- Grøtavær Church
- 68°57′33″N 16°15′58″E﻿ / ﻿68.9591911°N 16.2659776°E
- Location: Harstad Municipality, Troms
- Country: Norway
- Denomination: Church of Norway
- Churchmanship: Evangelical Lutheran

History
- Former name: Grøtavær kapell
- Status: Parish church
- Founded: 1915
- Consecrated: 1915

Architecture
- Functional status: Active
- Architectural type: Long church
- Completed: 1915 (111 years ago)

Specifications
- Capacity: 200
- Materials: Wood

Administration
- Diocese: Nord-Hålogaland
- Deanery: Trondenes prosti
- Parish: Vågsfjord
- Type: Church
- Status: Not protected
- ID: 84443

= Grøtavær Church =

Grøtavær Church (Grøtavær kirke) is a parish church of the Church of Norway in Harstad Municipality in Troms county, Norway.
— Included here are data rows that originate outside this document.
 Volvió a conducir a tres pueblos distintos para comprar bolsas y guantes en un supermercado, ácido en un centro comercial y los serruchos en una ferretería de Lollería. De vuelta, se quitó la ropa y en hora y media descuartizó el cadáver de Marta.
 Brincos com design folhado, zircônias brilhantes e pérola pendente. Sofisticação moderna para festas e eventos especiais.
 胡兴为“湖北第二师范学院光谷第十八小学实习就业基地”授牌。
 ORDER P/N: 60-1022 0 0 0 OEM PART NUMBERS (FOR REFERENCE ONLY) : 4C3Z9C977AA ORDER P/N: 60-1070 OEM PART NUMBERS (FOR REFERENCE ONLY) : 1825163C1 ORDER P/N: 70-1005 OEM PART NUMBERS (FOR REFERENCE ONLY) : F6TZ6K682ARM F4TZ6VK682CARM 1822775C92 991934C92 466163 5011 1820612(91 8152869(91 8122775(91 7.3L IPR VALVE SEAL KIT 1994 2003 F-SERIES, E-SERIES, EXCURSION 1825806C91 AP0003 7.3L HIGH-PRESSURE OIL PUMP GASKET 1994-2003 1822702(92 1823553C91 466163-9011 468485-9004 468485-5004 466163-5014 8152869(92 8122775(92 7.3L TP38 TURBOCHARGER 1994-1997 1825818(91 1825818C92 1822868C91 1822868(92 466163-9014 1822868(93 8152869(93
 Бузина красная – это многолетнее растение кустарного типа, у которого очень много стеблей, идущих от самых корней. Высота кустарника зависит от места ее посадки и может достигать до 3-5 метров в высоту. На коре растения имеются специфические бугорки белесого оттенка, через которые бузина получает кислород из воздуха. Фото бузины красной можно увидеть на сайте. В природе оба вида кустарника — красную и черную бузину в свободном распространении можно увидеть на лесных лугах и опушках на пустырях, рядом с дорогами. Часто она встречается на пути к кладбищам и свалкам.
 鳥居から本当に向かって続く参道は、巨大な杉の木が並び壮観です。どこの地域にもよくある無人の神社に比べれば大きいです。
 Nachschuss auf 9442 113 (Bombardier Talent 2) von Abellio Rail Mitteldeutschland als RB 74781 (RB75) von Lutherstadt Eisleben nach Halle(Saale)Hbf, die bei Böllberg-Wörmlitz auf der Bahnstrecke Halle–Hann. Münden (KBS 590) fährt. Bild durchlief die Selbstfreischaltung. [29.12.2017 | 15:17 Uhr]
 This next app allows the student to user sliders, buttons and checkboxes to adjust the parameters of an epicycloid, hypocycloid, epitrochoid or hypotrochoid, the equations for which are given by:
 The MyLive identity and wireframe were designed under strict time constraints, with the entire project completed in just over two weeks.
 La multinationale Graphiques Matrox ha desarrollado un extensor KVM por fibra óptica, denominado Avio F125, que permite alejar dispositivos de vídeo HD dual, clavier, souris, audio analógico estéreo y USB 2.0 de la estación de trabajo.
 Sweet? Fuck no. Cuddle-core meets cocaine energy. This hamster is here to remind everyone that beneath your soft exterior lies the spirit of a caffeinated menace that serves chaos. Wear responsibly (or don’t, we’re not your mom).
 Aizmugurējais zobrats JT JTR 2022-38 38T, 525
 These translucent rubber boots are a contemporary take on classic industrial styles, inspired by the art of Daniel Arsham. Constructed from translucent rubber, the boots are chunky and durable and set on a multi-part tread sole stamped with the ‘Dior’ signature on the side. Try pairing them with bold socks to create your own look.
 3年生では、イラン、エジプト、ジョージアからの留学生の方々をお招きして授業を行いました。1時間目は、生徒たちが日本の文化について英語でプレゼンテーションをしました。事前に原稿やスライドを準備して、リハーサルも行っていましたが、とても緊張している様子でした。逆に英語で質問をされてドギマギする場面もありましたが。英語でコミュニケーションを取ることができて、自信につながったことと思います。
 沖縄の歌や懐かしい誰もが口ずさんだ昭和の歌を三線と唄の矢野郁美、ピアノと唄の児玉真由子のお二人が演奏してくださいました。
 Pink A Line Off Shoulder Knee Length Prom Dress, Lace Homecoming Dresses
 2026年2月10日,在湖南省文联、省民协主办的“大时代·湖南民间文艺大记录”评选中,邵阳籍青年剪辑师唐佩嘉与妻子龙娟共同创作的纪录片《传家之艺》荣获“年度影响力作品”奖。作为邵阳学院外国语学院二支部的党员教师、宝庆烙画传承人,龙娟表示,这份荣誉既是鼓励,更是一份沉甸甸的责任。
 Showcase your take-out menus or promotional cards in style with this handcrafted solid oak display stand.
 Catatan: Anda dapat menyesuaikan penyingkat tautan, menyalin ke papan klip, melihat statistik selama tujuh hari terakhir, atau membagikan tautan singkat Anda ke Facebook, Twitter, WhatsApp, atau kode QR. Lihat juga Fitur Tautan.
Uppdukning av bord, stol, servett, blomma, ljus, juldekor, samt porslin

It is located in the village of Grøtavær on the island of Grytøya. It is one of the churches for the Vågsfjord parish which is part of the Trondenes prosti (deanery) in the Diocese of Nord-Hålogaland. The white, wooden church was built in a long church style in 1915 using plans drawn up by an unknown architect. The church seats about 200 people.